Authors Slostad, JA1, Higgins, AS1, Dempsey TM2, Dunn WF2 1Department of Internal Medicine, 2Department of Pulmonary and Critical Care Medicine Mayo Clinic, Rochester, Minnesota, USA
Case
A 65-year-old non-smoking female presented to the emergency
department with one week of dyspnea, pleuritic chest pain, and dry
cough.
On exam, she was afebrile, hemodynamically stable with blood pressure
150/77, oxygen saturation of 92% on room air, and respiratory rate of
22. She had shallow work of breathing with right-sided absent breath
sounds in the mid and lower lung base. She had several white
dome-shaped papules scattered over her forehead and face. Cardiac,
neurologic, and abdominal exams were unremarkable. Family history was
significant for a brother with tension pneumothorax requiring
pleurectomy. Chest x-ray was obtained (Figure 1).
Figure 1: Chest x-ray obtained in Emergency Department:
Question
What is the most likely cause of her acute onset of shortness of breath, pleuritic chest pain, and dry cough?

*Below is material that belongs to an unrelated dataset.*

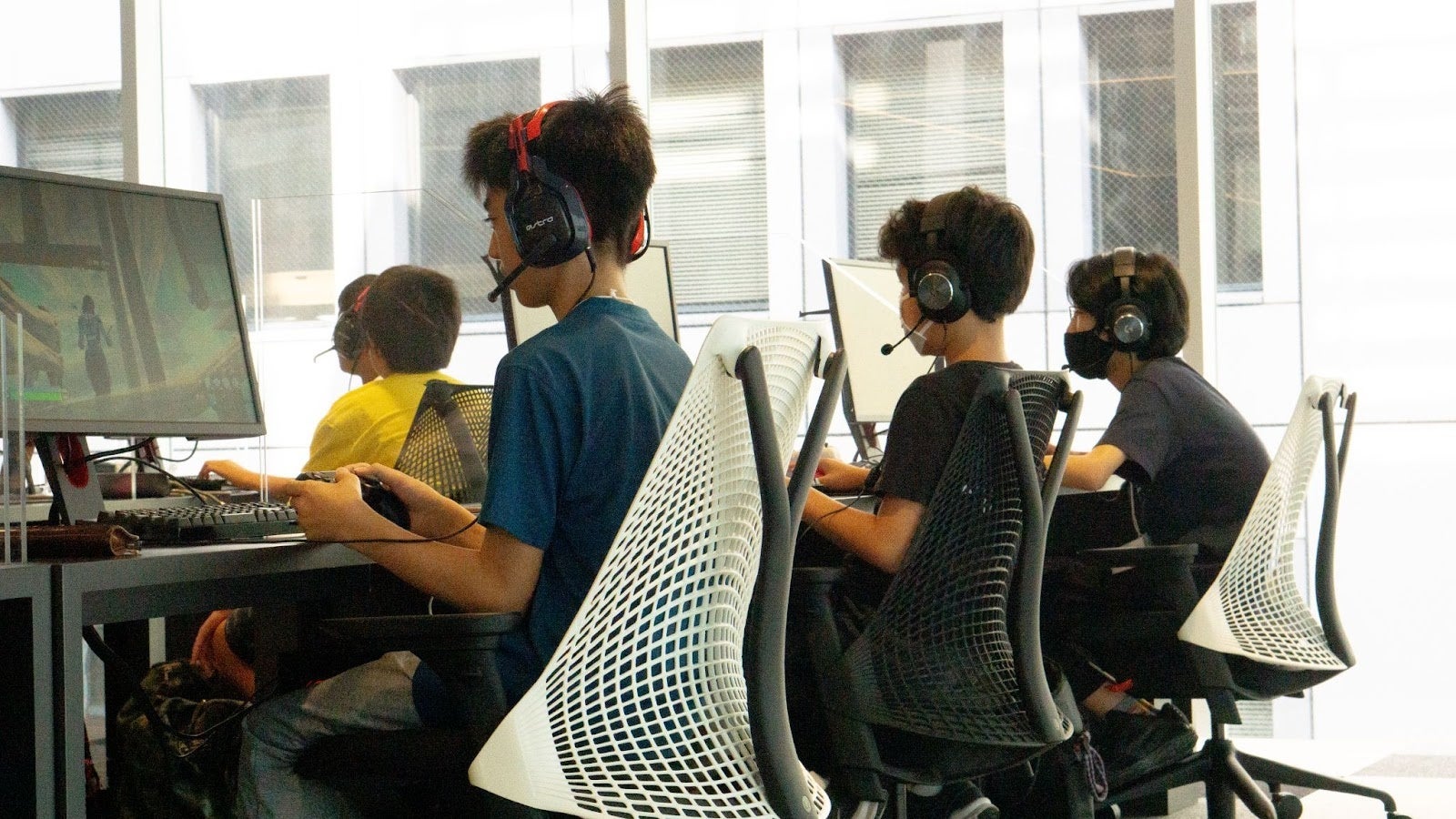 3日目は、”プロゲーマーへの道”と題した課題解決型のプログラムを実施。午前中は、グループに分かれて、Fortniteについての研究テーマを選び、グループごとに分担しながら調べ物をし、最後は全員の前で発表をしてもらいました。それぞれのグループが気になったテーマを選び、自分たちの調べたことをまとめて発表する姿は、まさに夏休みの自由研究のようでした。

A. Malignant pleural effusion B. Primary pneumothorax C. Secondary pneumothorax with tension physiology D. COPD exacerbation E. Community acquired pneumonia
Answer
Answers: C. Secondary pneumothorax with tension physiology
Discussion
The patient’s clinical presentation of chest pain, dyspnea, dry
cough, and physical exam demonstrating absence of breath sounds, along
with confirmatory imaging, is all most consistent with spontaneous
pneumothorax. Other common physical exam signs seen in pneumothorax
include decreased breath sounds, tactile fremitus and hyper-resonance to
percussion. Her chest x-ray showed loss of right-sided lung markings
with a deep sulcus sign (black arrow, Figure 1B), which is a deep
costophrenic angle ipsilateral to the side of the pneumothorax.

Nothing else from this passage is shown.